Macrophages are major components of atherosclerotic plaques.  Depending on their polarization state, the plaques formed may be stable or vulnerable to rupture leading to heart attack or stroke.  We are studying the development of carotid plaques.  Using animals that develop either stable or vulnerable plaques, we are defining the immune system to identify biomarkers for risk stratification for stroke.

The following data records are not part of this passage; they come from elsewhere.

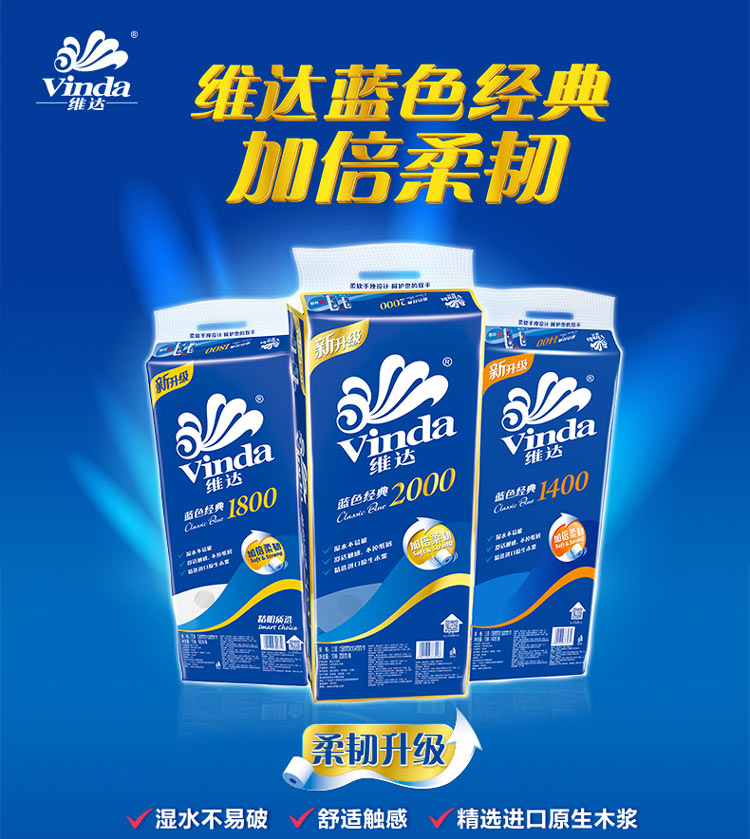 Vinda (Vinda) toilet paper, blue classics, rolls, 3 layers, 180g*30 rolls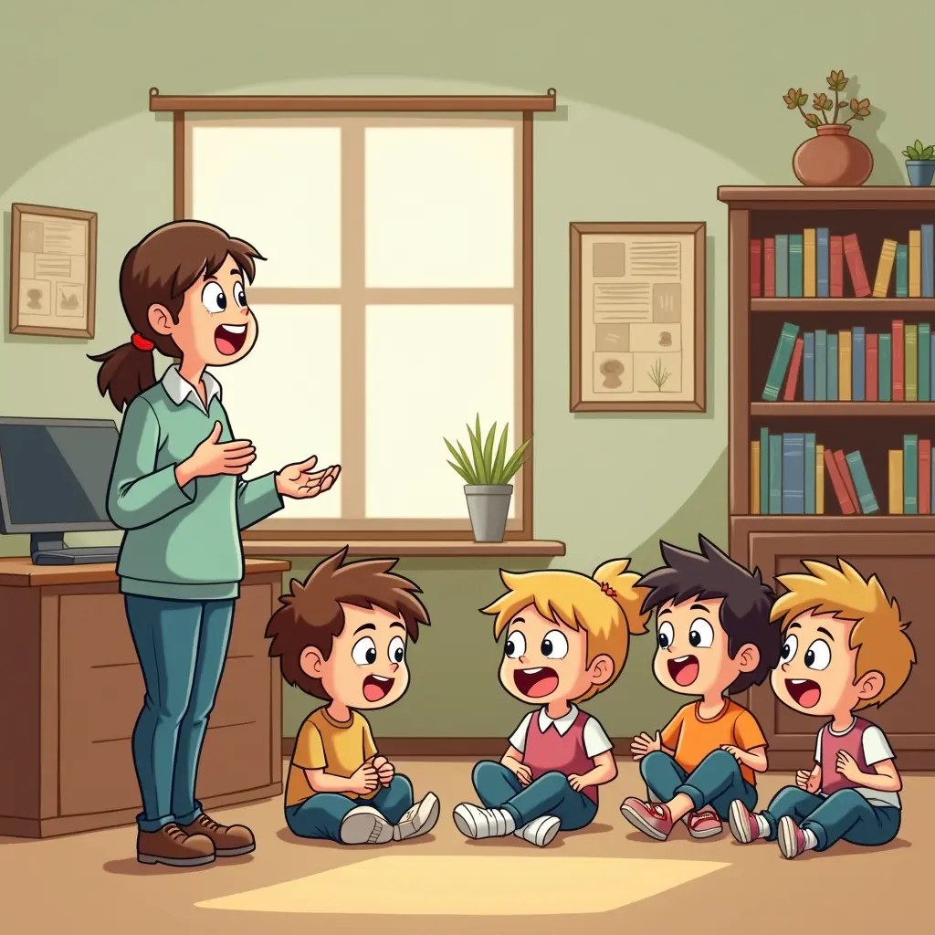 معلمة تتحدث الى الاطفال بشكل كرتون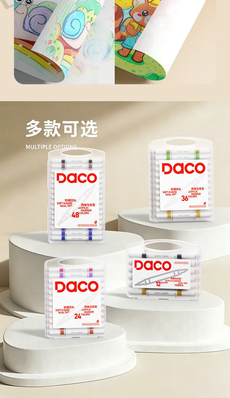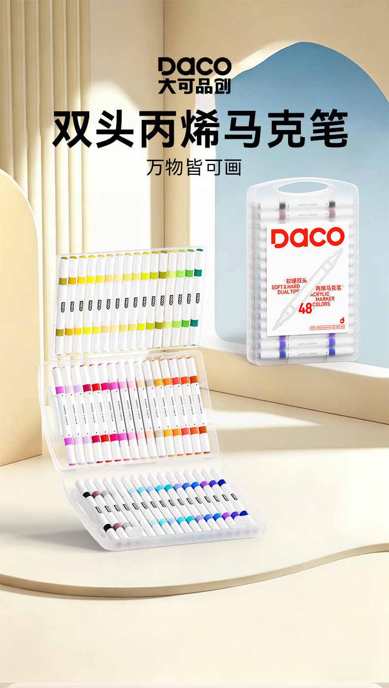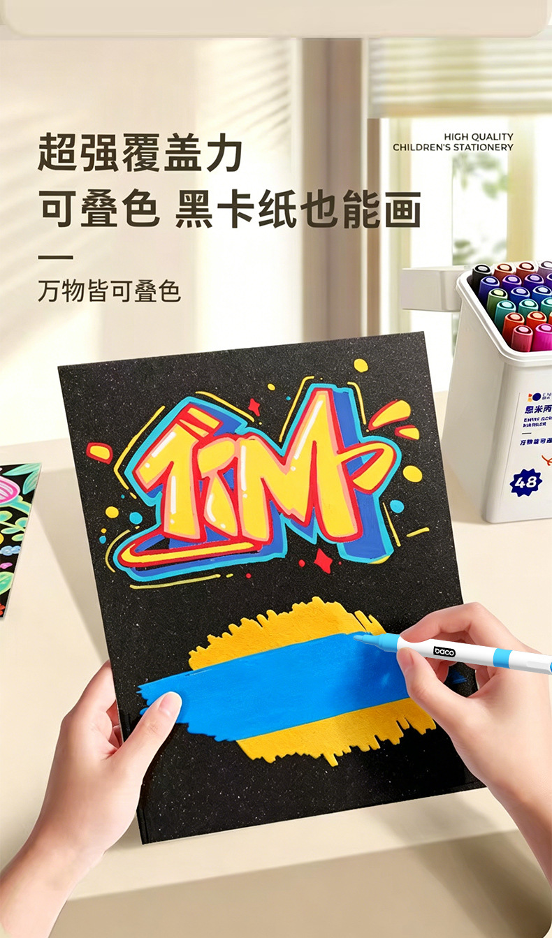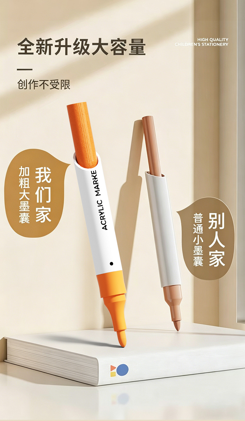 double-headed acrylic marker pen, specially designed for student art, strong coverage, opaque, stackable colors, graffiti painting brush

Additionally, we are collaborating with RPI to develop imaging techniques for determination of carotid plaque stability.  Such imaging tools will provide clinicians with information that can be used to determine whether a patient requires surgery or medical management.  More recently, we have found that animals that develop stable plaques are also protected from the development of fibrotic lung and kidney disease, providing us with an animal model and a clue as to what pathways may contribute to fibrosis.

Cancer

In collaboration with lung oncologists and pathologists, we have determined that the macrophages in lymph nodes positive for lung cancer, are polarized to support tumor cell growth (rather than kill the cells).  The ability to “re-educate” these macrophages towards cytotoxicity may open new possibilities for treatment of this deadly type of cancer.  Current efforts are focused on understanding how antibodies can tune macrophages to be pro-inflammatory (to recognize and kill tumor cells) or pro-resolution (to promote tumor progression).

Techniques

Animals models.  Real time confocal and TIRF imaging, immunofluorescence of mouse and human tissues, flow cytometry for high throughput analysis of immune status.

Specific projects

1) identify the function and downstream targets of PKC-e on nascent phagosomes,

2) determine how PKC-e expression levels promote or protect against the development of atherosclerosis,

3) understand how antibodies can elicit pro-inflammatory AND pro-resolution responses from macrophages, and how those responses can be tuned therapeutically, and

4) determine how PKC-e acts to promote directional migration and how tumor cells utilize PKC-e for that migration.  These projects use macrophages and models of human disease to bridge the fields of cell and cancer biology, immunology, and microbiology.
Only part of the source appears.